Solved – p-value correction for multiple t-tests

adjustmentbonferronimultiple-comparisonsp-valuet-test

My dataset consists of $n$ genes, each of them described by a vector of expression values, $5$ for "healthy" individuals, and $5$ for "unhealthy" individuals.

I am going to run $n$ t-tests (one for each gene) to identify which genes show a different behaviour between healthy population and unhealthy population.

Should I consider a correction (such as Bonferroni, Holm, Benjamini & Hochberg…) for the $n$ p-values ?

EDIT:

I am wondering whether my case is a multiple comparisons problem or not.

Actually I do not compare the genes, but only the values of two different populations (healthy vs. unhealthy) for each gene. Therefore, I do not see the multiple comparisons.

In other words, I am interested in finding those genes that behave differently between healthy samples and unhealthy samples. I am not interested in finding whether or not two genes behave the same.

Obviously, running $n$ t-tests I get much more p-values lower that $0.05$ than after computing the correction.

Best Answer

You absolutely do want to apply a correction. The key idea is identifying significance by chance. As you increase the number of comparisons you increase the number of those that will be significant by chance.

For example, let's take the generic example of doing 100 comparisons using a significance threshold of 0.05. Now, a p-value of 0.05 means there is a 5% chance of getting that result when the null hypothesis is true. Therefore, if you do these 100 comparisons, you would expect to find 5 genes significant just by random chance.

As such, to avoid making these false-positives (Type 1 Errors) we 'correct' the p-value thereby making the test more conservative.

The choice in correction can vary too. Bonferroni is a common correction but if you have 1000's of genes, it is going to be exceedingly unlikely you will find anything significant because it will be so conservative. In that case, you may use the 'FDR' (False Discovery Rate) correction.

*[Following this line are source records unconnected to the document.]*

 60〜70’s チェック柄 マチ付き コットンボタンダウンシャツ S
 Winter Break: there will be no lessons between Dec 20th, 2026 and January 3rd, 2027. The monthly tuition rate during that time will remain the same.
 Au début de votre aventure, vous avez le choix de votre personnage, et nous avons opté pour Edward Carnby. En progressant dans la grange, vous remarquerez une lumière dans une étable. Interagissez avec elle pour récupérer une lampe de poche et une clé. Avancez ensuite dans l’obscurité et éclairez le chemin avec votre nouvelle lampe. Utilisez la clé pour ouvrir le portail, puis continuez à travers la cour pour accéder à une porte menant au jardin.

There is no absolute answer so you need to explore the possibilities and make the best choice and of course report what correction you applied.

EDIT

Regarding you comments below I thought an example can help demonstrate the concept.

Using R, I generate completely random values for 250 genes with two treatments (A and B)

set.seed(8)
df <- data.frame(expression=runif(1000), 
                 gene=rep(paste("gene", seq(250)), 4), 
                 treatment = rep(c("A","A","B","B"), each=250))

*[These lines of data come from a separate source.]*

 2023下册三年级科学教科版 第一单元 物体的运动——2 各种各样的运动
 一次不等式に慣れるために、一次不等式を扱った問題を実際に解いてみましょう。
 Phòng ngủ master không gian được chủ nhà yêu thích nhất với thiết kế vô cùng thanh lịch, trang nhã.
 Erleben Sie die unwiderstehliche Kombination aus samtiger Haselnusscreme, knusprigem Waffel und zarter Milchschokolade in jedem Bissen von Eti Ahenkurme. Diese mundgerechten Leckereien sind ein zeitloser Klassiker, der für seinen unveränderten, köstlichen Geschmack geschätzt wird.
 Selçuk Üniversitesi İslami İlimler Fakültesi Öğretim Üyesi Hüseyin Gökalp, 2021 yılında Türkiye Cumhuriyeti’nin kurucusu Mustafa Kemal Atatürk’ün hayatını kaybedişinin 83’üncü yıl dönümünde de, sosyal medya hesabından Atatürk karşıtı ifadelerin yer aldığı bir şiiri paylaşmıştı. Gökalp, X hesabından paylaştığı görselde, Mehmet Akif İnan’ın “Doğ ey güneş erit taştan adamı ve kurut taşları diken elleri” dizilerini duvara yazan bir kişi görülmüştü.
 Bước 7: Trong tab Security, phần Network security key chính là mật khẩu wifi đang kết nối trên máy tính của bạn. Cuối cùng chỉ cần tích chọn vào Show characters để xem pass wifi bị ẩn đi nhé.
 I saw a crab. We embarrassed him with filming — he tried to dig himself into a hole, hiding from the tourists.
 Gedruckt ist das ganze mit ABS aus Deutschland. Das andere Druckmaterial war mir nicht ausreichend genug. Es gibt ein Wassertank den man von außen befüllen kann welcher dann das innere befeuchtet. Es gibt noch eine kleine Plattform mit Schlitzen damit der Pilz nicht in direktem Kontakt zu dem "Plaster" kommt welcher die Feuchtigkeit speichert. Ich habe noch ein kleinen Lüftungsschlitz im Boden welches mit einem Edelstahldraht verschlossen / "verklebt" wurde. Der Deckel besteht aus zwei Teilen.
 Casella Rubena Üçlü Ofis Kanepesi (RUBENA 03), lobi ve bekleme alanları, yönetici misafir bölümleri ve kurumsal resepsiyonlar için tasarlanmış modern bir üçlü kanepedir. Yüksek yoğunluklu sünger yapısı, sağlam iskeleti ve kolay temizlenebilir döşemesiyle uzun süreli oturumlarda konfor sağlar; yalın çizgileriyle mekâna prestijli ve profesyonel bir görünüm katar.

I then split the data by each gene and run a t.test comparing between the two groups.

out <- do.call("rbind", 
    lapply(split(df, df$gene), function(x) t.test(expression~treatment, x)$p.value))

Now, given that this is completely random data there shouldn't be any significant differences and yet when I count how many there are 9 significant genes!!!

length(which(out < 0.05))
[1] 9

Avoiding mistakes like these is the point behind making these corrections. Hopefully this helps clarify for you.